### DATASET EXTRACT
:::::

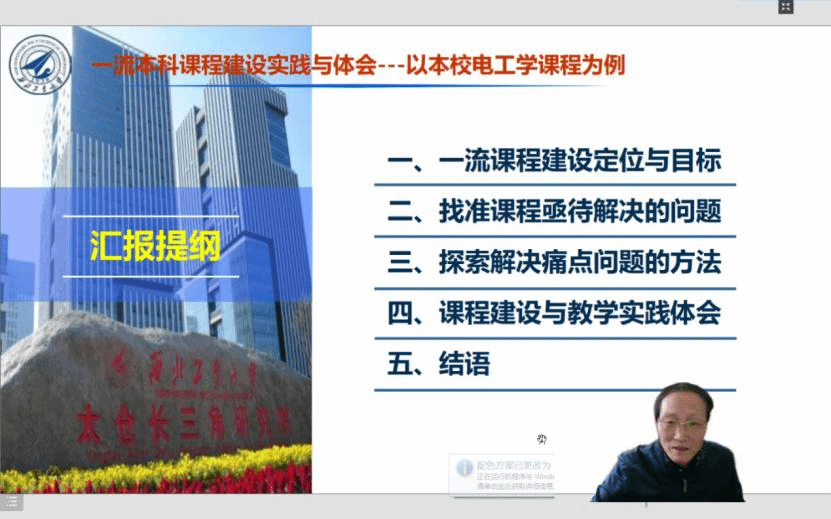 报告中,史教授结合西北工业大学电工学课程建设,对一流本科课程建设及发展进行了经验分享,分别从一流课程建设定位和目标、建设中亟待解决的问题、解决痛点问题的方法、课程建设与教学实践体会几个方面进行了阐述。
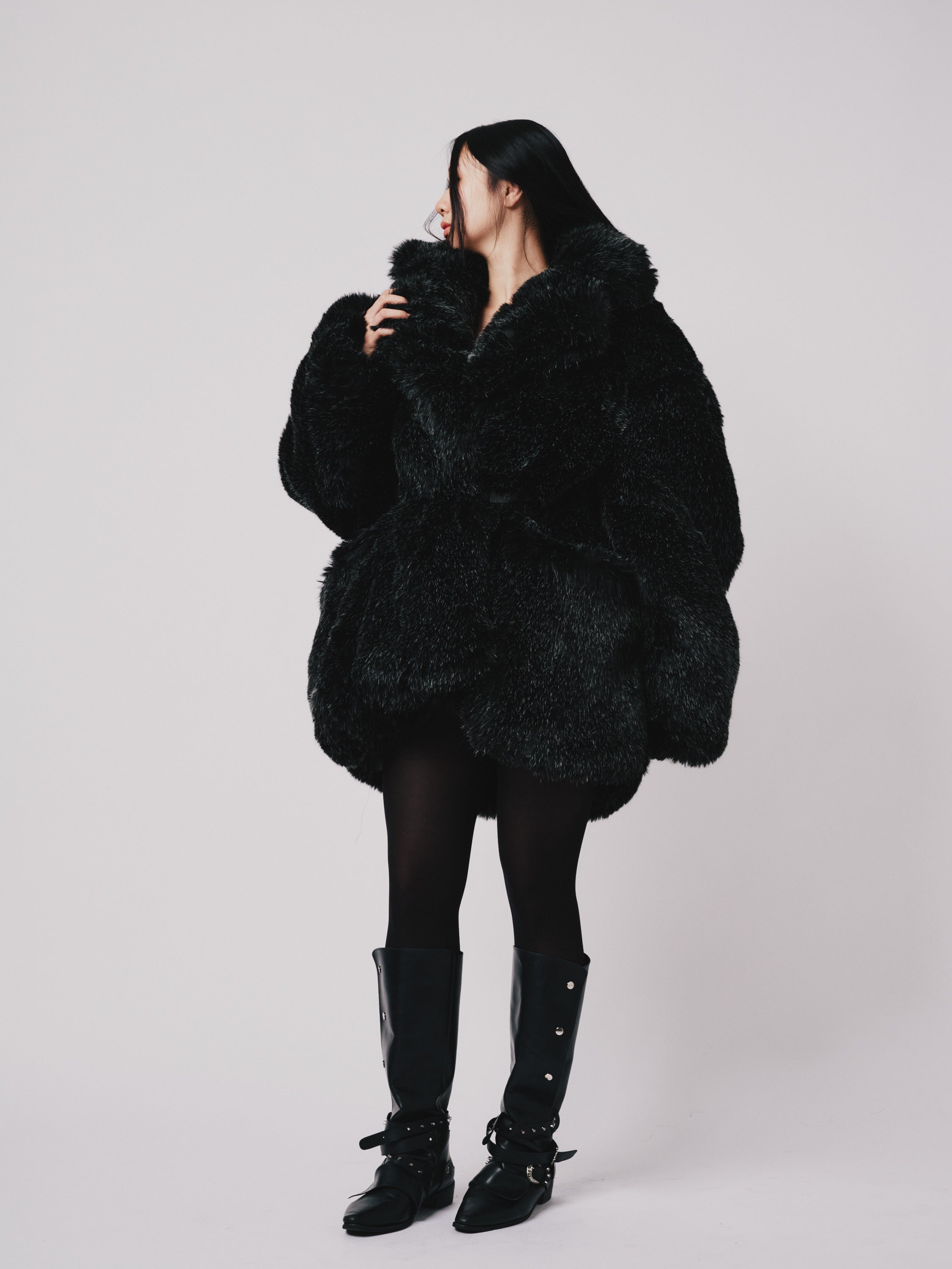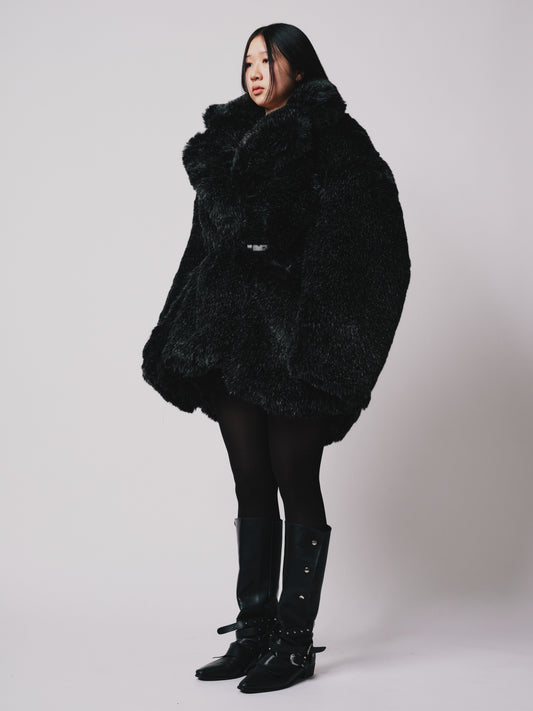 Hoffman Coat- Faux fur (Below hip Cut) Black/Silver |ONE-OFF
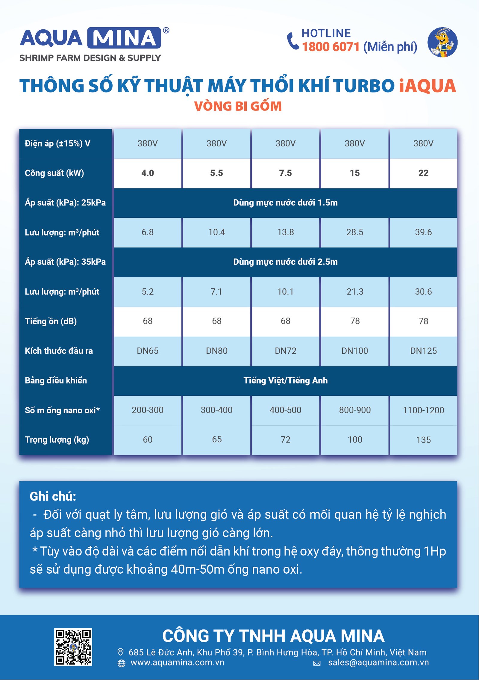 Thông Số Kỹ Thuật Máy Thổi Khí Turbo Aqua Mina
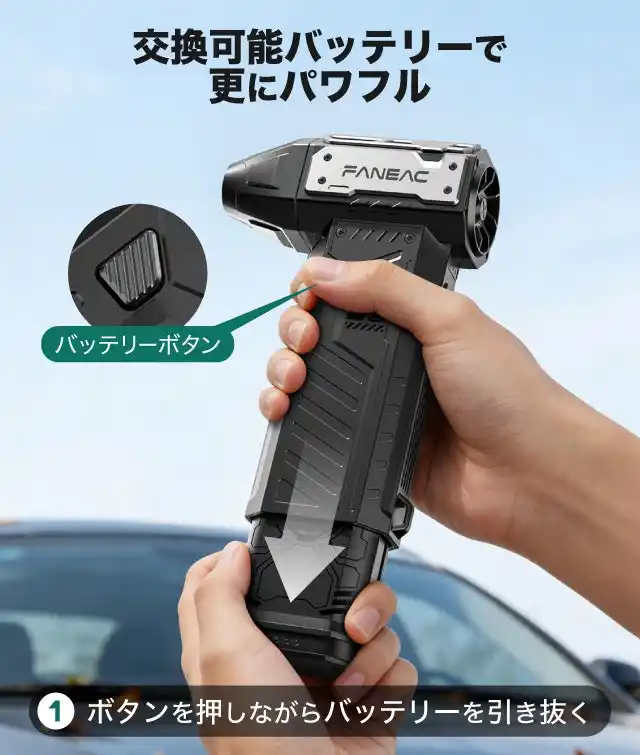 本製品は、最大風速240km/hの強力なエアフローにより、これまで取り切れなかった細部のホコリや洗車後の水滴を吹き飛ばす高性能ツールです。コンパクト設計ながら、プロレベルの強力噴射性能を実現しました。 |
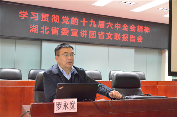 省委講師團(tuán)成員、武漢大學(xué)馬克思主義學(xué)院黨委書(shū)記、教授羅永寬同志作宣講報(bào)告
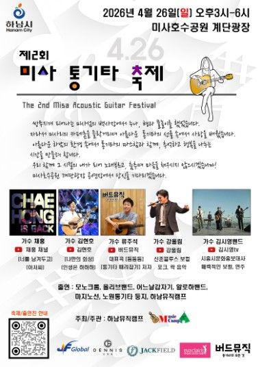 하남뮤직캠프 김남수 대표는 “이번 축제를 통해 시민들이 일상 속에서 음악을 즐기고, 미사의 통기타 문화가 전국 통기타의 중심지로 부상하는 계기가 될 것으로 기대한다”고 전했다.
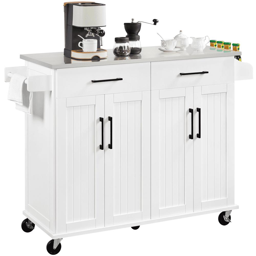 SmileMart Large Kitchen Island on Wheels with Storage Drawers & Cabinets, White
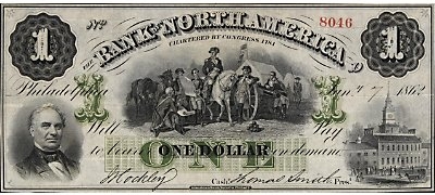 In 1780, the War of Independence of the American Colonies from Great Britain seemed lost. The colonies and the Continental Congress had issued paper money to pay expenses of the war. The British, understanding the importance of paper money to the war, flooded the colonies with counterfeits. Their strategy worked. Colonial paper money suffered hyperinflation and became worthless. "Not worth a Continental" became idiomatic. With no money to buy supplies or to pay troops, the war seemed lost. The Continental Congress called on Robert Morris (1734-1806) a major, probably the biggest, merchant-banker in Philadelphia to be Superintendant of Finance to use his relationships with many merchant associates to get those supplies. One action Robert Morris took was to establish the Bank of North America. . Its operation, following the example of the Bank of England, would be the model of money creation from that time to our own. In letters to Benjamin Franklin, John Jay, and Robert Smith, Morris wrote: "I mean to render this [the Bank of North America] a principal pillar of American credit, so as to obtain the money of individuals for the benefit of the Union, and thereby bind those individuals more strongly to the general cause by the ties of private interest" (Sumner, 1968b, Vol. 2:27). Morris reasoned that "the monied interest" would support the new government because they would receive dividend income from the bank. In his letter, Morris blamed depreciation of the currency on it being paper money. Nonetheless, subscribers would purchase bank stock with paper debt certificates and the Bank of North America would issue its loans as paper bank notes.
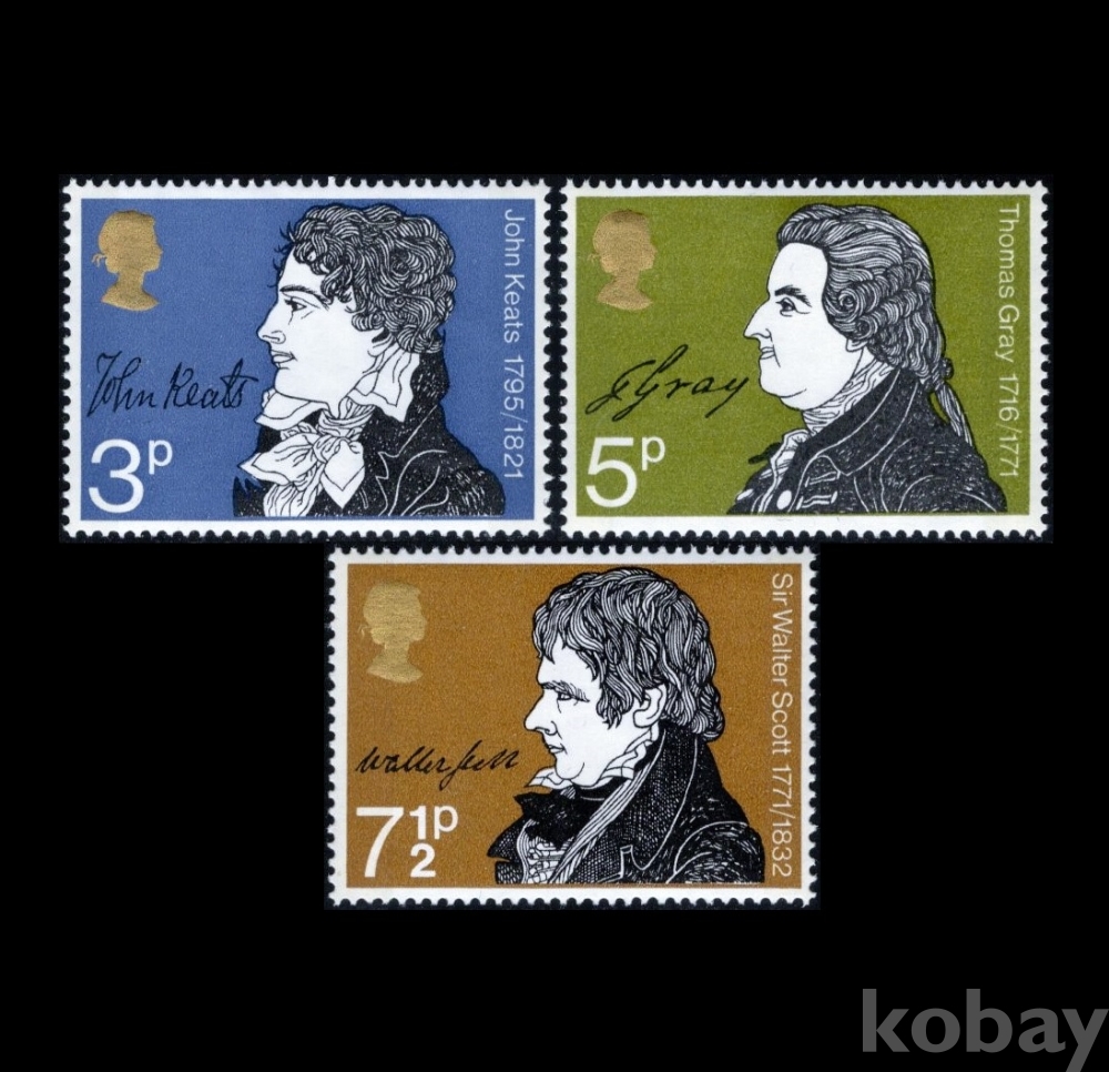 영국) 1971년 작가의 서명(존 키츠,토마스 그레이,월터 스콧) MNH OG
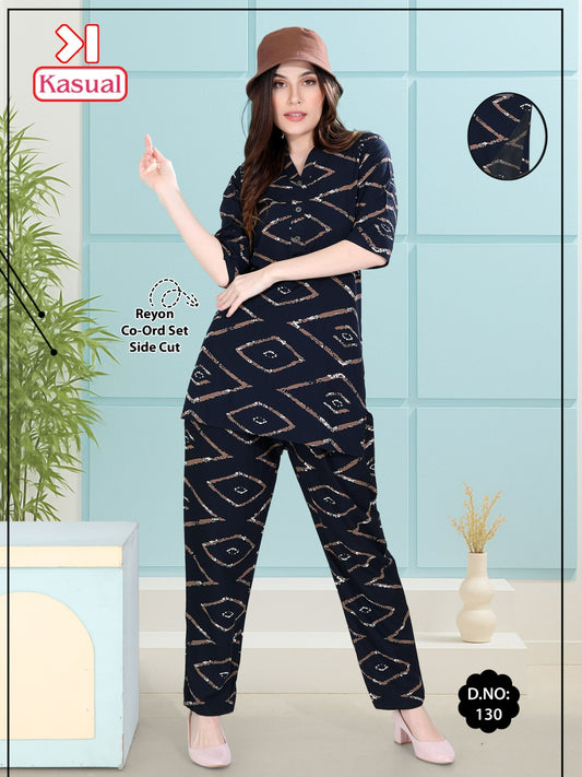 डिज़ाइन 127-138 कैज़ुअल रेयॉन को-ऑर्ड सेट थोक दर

:::::

### PROBLEM REQUIREMENTS
Could you set down verbatim the lines from the beginning of the entries above through the line containing "SmileMart Large Kitchen", both included, leaving out the pictures?

### SOLVED PROBLEM
 报告中,史教授结合西北工业大学电工学课程建设,对一流本科课程建设及发展进行了经验分享,分别从一流课程建设定位和目标、建设中亟待解决的问题、解决痛点问题的方法、课程建设与教学实践体会几个方面进行了阐述。
 Hoffman Coat- Faux fur (Below hip Cut) Black/Silver |ONE-OFF
 Thông Số Kỹ Thuật Máy Thổi Khí Turbo Aqua Mina
 本製品は、最大風速240km/hの強力なエアフローにより、これまで取り切れなかった細部のホコリや洗車後の水滴を吹き飛ばす高性能ツールです。コンパクト設計ながら、プロレベルの強力噴射性能を実現しました。 |
 省委講師團(tuán)成員、武漢大學(xué)馬克思主義學(xué)院黨委書(shū)記、教授羅永寬同志作宣講報(bào)告
 하남뮤직캠프 김남수 대표는 “이번 축제를 통해 시민들이 일상 속에서 음악을 즐기고, 미사의 통기타 문화가 전국 통기타의 중심지로 부상하는 계기가 될 것으로 기대한다”고 전했다.
 SmileMart Large Kitchen Island on Wheels with Storage Drawers & Cabinets, White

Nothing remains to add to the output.